Collection entries:
+--

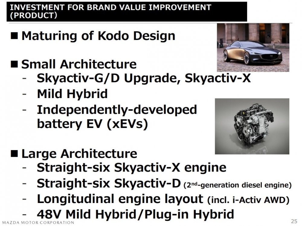 В своем годовом финансовом отчёте, опубликованном на прошлой неделе, Mazda подтвердила верность курсу на премиум-сегмент и раскрыла некоторые любопытные детали ближайших эволюций модельного ряда: в нём появятся автомобили с продольно расположенными 6-цилиндровыми двигателями и опциональной системой полного привода i-Activ AWD. Судя по слайду на странице 24 из презентации, стоить такие автомобили будут примерно в два раза больше по сравнению с нынешними автомобилями Mazda, то есть речь идёт о полноценных конкурентах Audi, BMW, Mercedes-Benz и Jaguar. Разрабатываемое семейство рядных «шестёрок» включает в себя как турбодизели Skyactiv-D второго поколения, так и бензиновые агрегаты Skyactiv-Х, у которых воспламенение частично происходит от сжатия, что даёт им поистине дизельную экономичность.
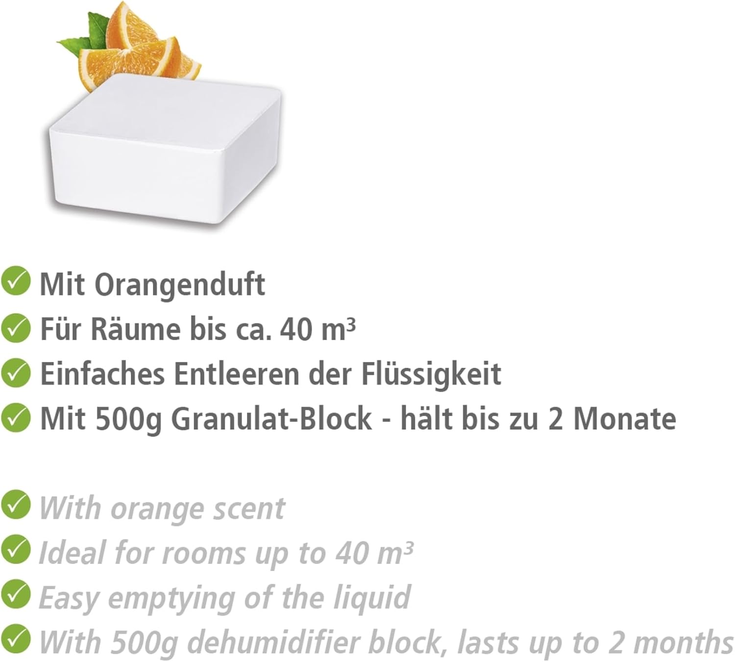 The clever dehumidifier is ideal for rooms of up to 80 m³. The moisture remover contains 1,000 g of calcium chloride for approx. three months. Immediately after setting up, the stone begins to draw moisture from the surroundings.
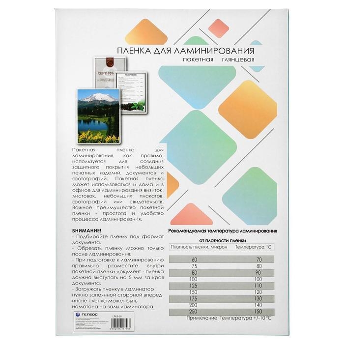 Пленка для ламинирования A3 303х426 мм, 60 мкм, 100 штук, глянцевые, Гелеос
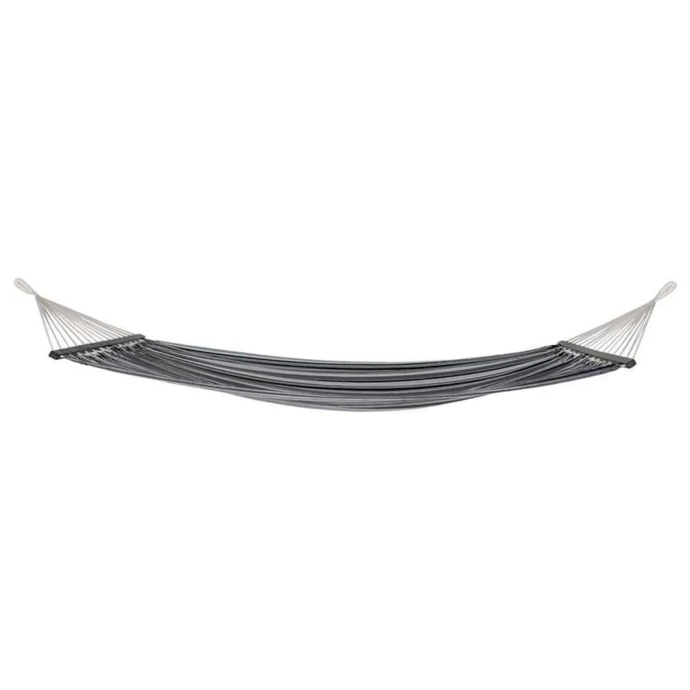 The Lamia Grey Fabric Large Hammock Chair brings a calm, modern touch to outdoor leisure spaces. Designed with a striped blend of grey, black, and white tones, it offers a minimalist look that pairs well with a wide range of garden styles. Crafted from a durable cotton and polyester mix, it rests across smooth wooden spreader bars that support the fabric while keeping the seat open and comfortable.
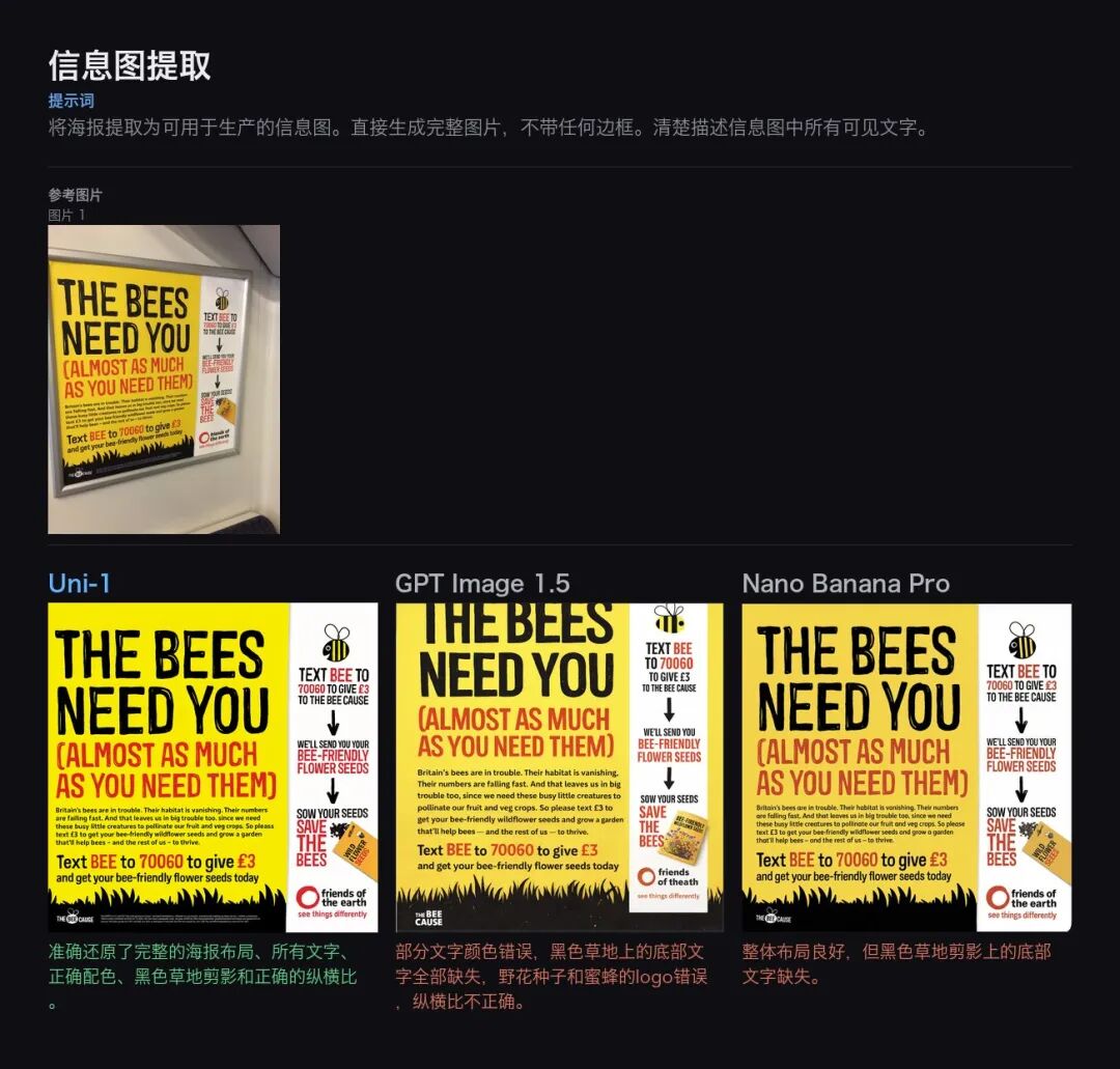 Uni-1准确还原了完整的海报布局、所有文字、正确配色,以及黑色草地剪影和正确的纵横比。GPT Image 1.5部分文字颜色错误,底部文字全部缺失,野花种子和蜜蜂的logo也出了问题。Nano Banana Pro整体布局尚可,但底部文字同样缺失。

+--

Task requirements: Skip the pictures and transcribe the rest of the records exactly.

Completed exercise:
 В своем годовом финансовом отчёте, опубликованном на прошлой неделе, Mazda подтвердила верность курсу на премиум-сегмент и раскрыла некоторые любопытные детали ближайших эволюций модельного ряда: в нём появятся автомобили с продольно расположенными 6-цилиндровыми двигателями и опциональной системой полного привода i-Activ AWD. Судя по слайду на странице 24 из презентации, стоить такие автомобили будут примерно в два раза больше по сравнению с нынешними автомобилями Mazda, то есть речь идёт о полноценных конкурентах Audi, BMW, Mercedes-Benz и Jaguar. Разрабатываемое семейство рядных «шестёрок» включает в себя как турбодизели Skyactiv-D второго поколения, так и бензиновые агрегаты Skyactiv-Х, у которых воспламенение частично происходит от сжатия, что даёт им поистине дизельную экономичность.
 The clever dehumidifier is ideal for rooms of up to 80 m³. The moisture remover contains 1,000 g of calcium chloride for approx. three months. Immediately after setting up, the stone begins to draw moisture from the surroundings.
 Пленка для ламинирования A3 303х426 мм, 60 мкм, 100 штук, глянцевые, Гелеос
 The Lamia Grey Fabric Large Hammock Chair brings a calm, modern touch to outdoor leisure spaces. Designed with a striped blend of grey, black, and white tones, it offers a minimalist look that pairs well with a wide range of garden styles. Crafted from a durable cotton and polyester mix, it rests across smooth wooden spreader bars that support the fabric while keeping the seat open and comfortable.
 Uni-1准确还原了完整的海报布局、所有文字、正确配色,以及黑色草地剪影和正确的纵横比。GPT Image 1.5部分文字颜色错误,底部文字全部缺失,野花种子和蜜蜂的logo也出了问题。Nano Banana Pro整体布局尚可,但底部文字同样缺失。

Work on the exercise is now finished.